GOAL OF THE EXERCISE
Nothing but the pictures should be left out when you copy the records exactly.

Records drawn from a dataset
-------------------------
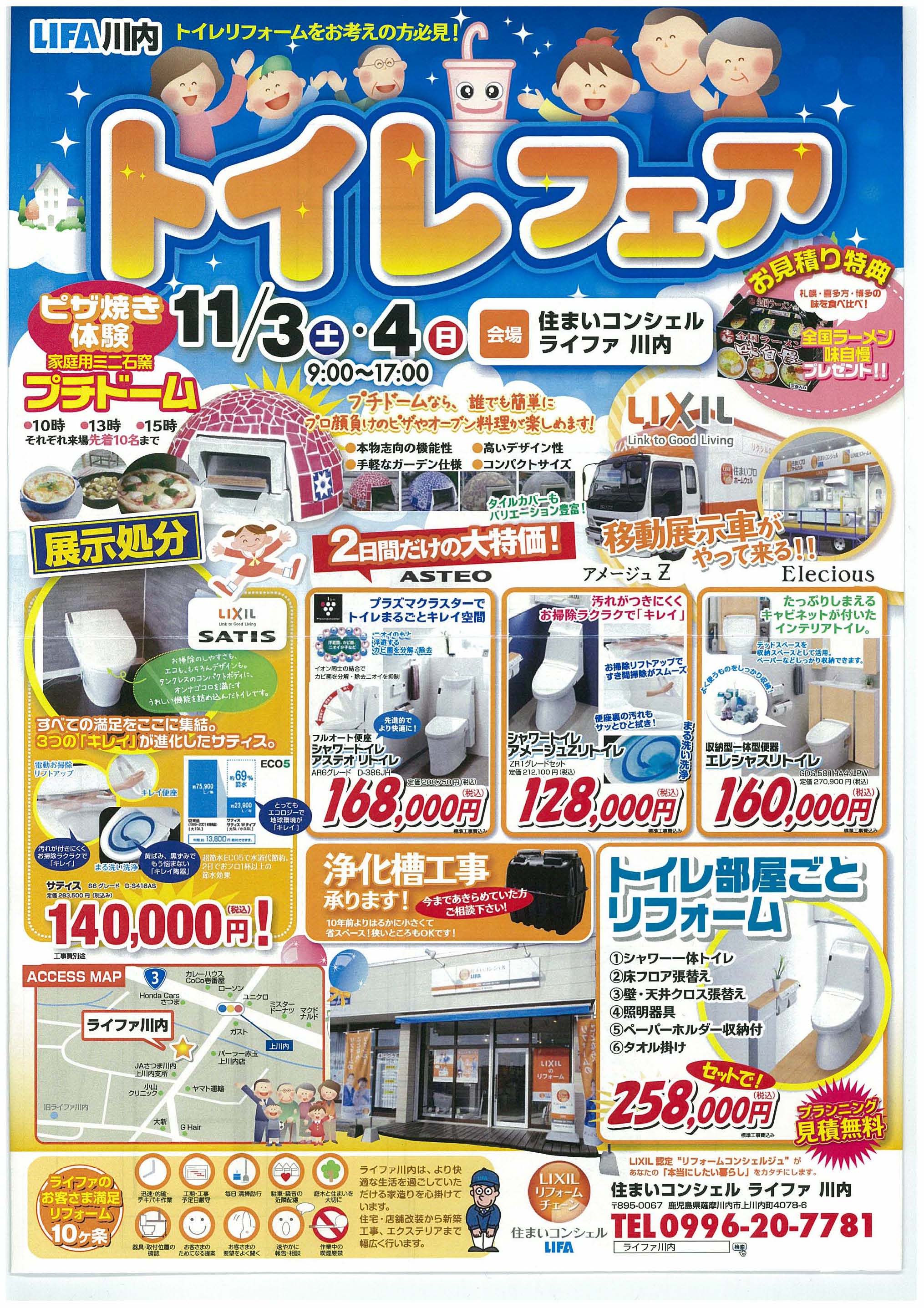 11月3日(土)・4日(日)9:00~17:00に、ライファ川内にて『トイレフェア』を開催いたします。
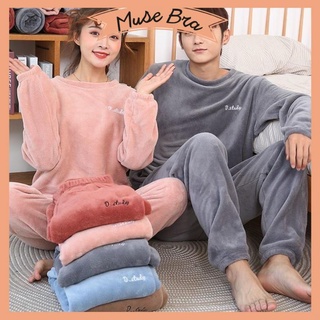 [Giá sỉ] Bộ Nỉ Bông Mặc Nhà Mùa Đông Cho Nữ Siêu Ấm, Quần Bo Gấu Vải Mềm Nhẹ Thêu Chữ D'studio
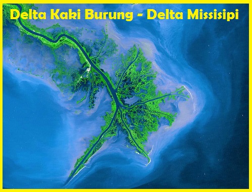 - Delta Kaki Burung, yaitu delta yeng memiliki bentuk menyerupai jari yang menyebar dari muara ke arah laut. Contohnya delta kaki burung adalah delta Citarum dan Mississippi.
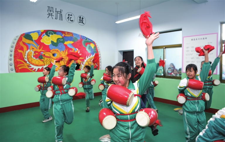 1月5日,翼城县北关小学学生在老师指导下排练“翼城花鼓”。随着春节临近,该校结合实际创新编排,在课堂上将铿锵的鼓点敲起来,使这一国家级非遗项目融入迎春文化活动。记者 闫锐鹏 摄
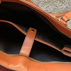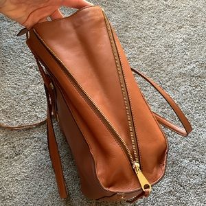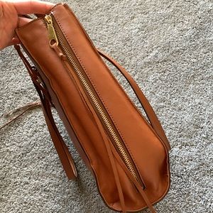 Rebecca Minkoff tote | laptop bag in good used condition. Expandable on sides. The interior has a padded laptop compartment with snap closure. Many pockets on the inside and two on the outside. Replacement fringes included. Genuine leather. It shows some wear around the corners, please see pictures. Structurally in excellent shape.
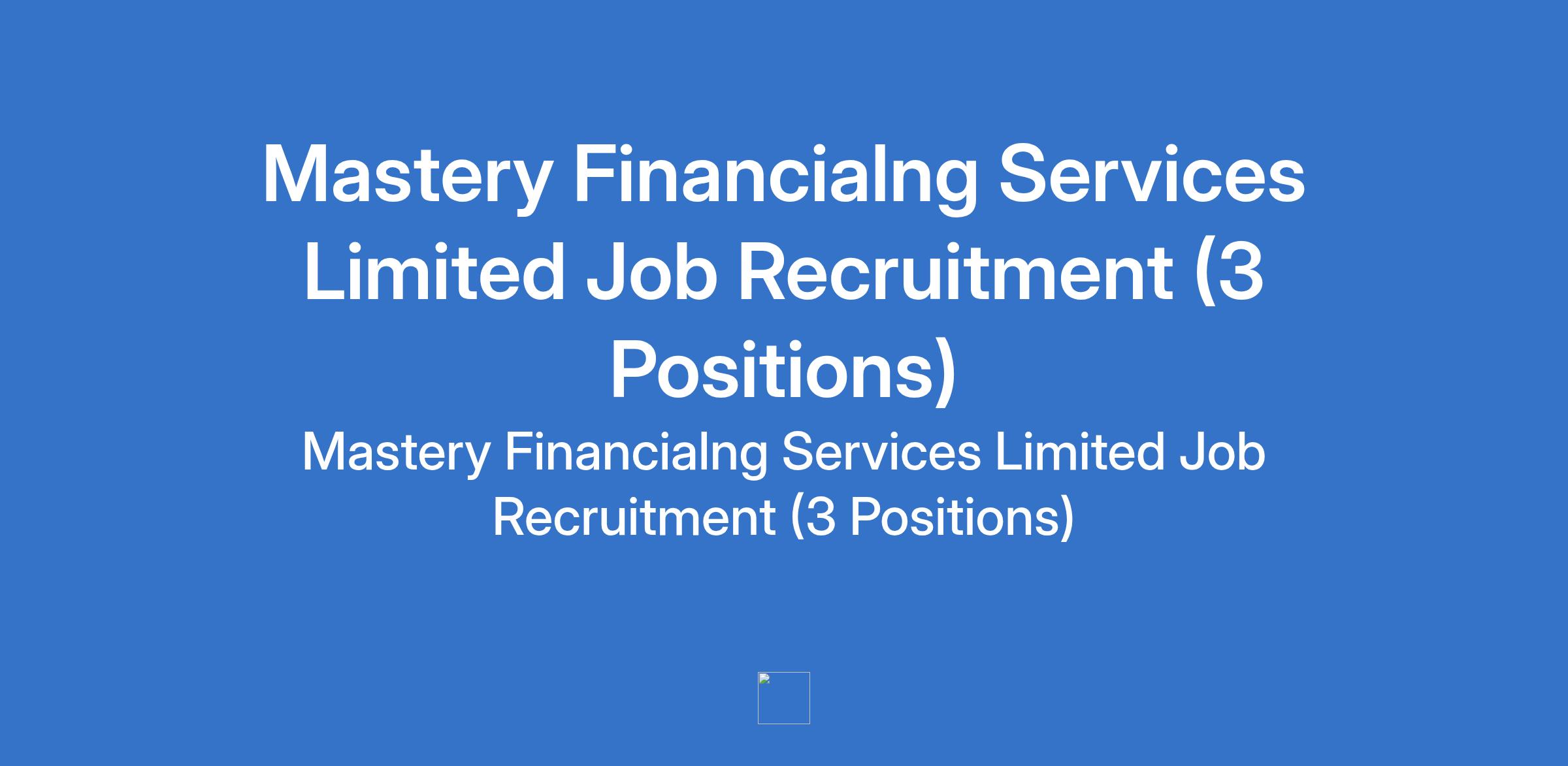 Mastery Financialng Services Limited Job Recruitment (3 Positions)
-------------------------
TASK RESULT
 11月3日(土)・4日(日)9:00~17:00に、ライファ川内にて『トイレフェア』を開催いたします。
 [Giá sỉ] Bộ Nỉ Bông Mặc Nhà Mùa Đông Cho Nữ Siêu Ấm, Quần Bo Gấu Vải Mềm Nhẹ Thêu Chữ D'studio
 - Delta Kaki Burung, yaitu delta yeng memiliki bentuk menyerupai jari yang menyebar dari muara ke arah laut. Contohnya delta kaki burung adalah delta Citarum dan Mississippi.
 1月5日,翼城县北关小学学生在老师指导下排练“翼城花鼓”。随着春节临近,该校结合实际创新编排,在课堂上将铿锵的鼓点敲起来,使这一国家级非遗项目融入迎春文化活动。记者 闫锐鹏 摄
 Rebecca Minkoff tote | laptop bag in good used condition. Expandable on sides. The interior has a padded laptop compartment with snap closure. Many pockets on the inside and two on the outside. Replacement fringes included. Genuine leather. It shows some wear around the corners, please see pictures. Structurally in excellent shape.
 Mastery Financialng Services Limited Job Recruitment (3 Positions)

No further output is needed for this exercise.